Pest Control recently released a new COA design with even more security features and has begun to provide a service that allows people to submit existing COAs for approval to provide additional assurance to buyers and sellers. “Checking with Pest Control is not an instant process, but it’s quicker than applying for a new certificate,” Balfour-Oatts said.
The Holy Grail
What makes a desirable Banksy print? In some ways, the qualities are not so different from any other print: good condition, a clear signature and certificate of authenticity, and rare or desirable subject matter.
“Because these prints were initially sold for £80 or £100, it’s not unusual for them to have suffered” condition-wise, said dealer Acoris Andipa. He has seen prints with pinholes in the corners, stains, or residue from being hung up with cello tape.
If they are in good condition, rare editions that collectors have been sitting on for decades—stretching back to when they were first released in the early aughts—are particularly sought-after, according to Christie’s prints specialist James Baskerville. “In the last two years market really has exploded,” he added.

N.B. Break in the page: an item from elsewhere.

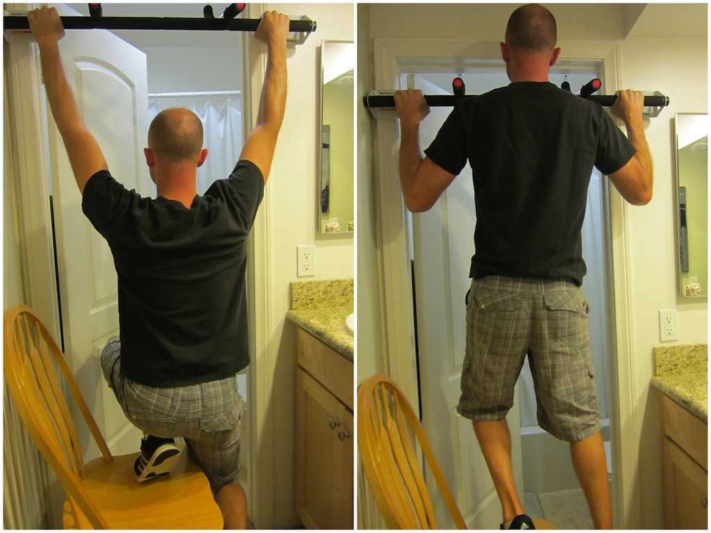 В данном случае техника выполнения подтягивания на перекладине по своей сути напоминает предыдущее, только в качестве опоры используется невысокий стул.

One of the most popular print images is Bansky’s famous Girl With Balloon, which was first seen as a public mural on Waterloo Bridge in 2002. (It was produced as a print in 2004 and 2005.) The signed prints were produced in an edition of 150; unsigned proofs, in an edition of 600. An additional 88 artist proofs, produced with balloons in various colors, have consistently been among Banksy’s top-selling prints, making prices as high as $1.6 million. (Unsigned versions can make around $200,000 to $400,000 each.)

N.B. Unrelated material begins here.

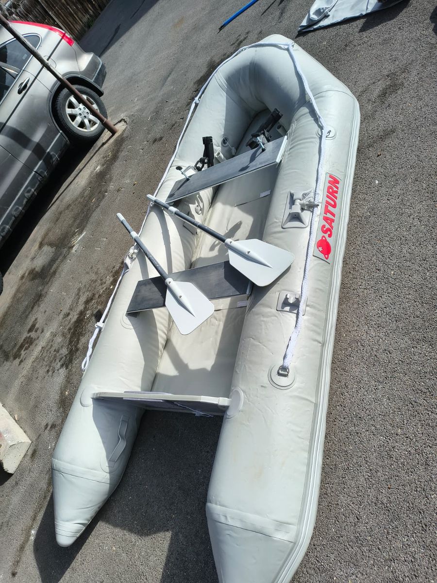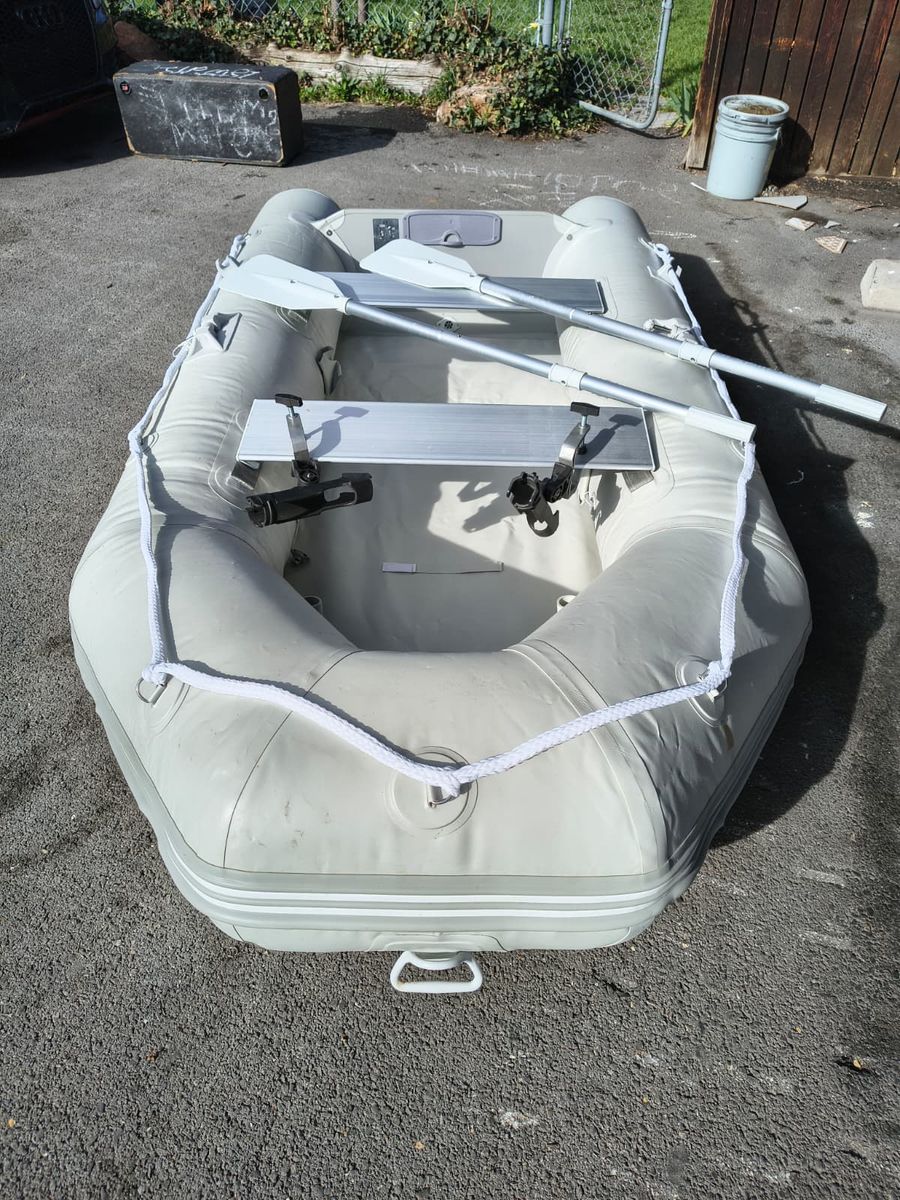 ZelleInflatable boat, inflation and assembly in 15 min, It includes a bracket for mounting an electric or gasoline motor; it supports up to 3 hp. I bought it a year ago, but I have to move for work. I still have the manual and the repair kit (which I never used). It can be registered in Utah.

For his part, however, Balfour-Oatts advises collectors to stay away from unsigned works, at least for now. A spate of Japanese buyers who may not have distinguished between signed and unsigned works paid big prices for the latter; now, they are on the decline.
All the fanfare—not to mention cold, hard cash—generated by Banksy’s prints may run counter to his anti-establishment ethos. But the artist has done his best to keep things democratic when he can. Back in 2010, Banksy offered a now very popular print, Choose Your Weapon, showing a figure in a hooded sweatshirt walking an outline of a Keith Haring-style dog. Chaos ensued in the line for securing prints, with many aggressive buyers elbowing others who had been waiting for hours.
As a gesture for those left waiting empty-handed at the end, Banksy released a special supplemental run, entitled the “queue jumping” edition. In March, one of them sold at Sotheby’s for £201,600.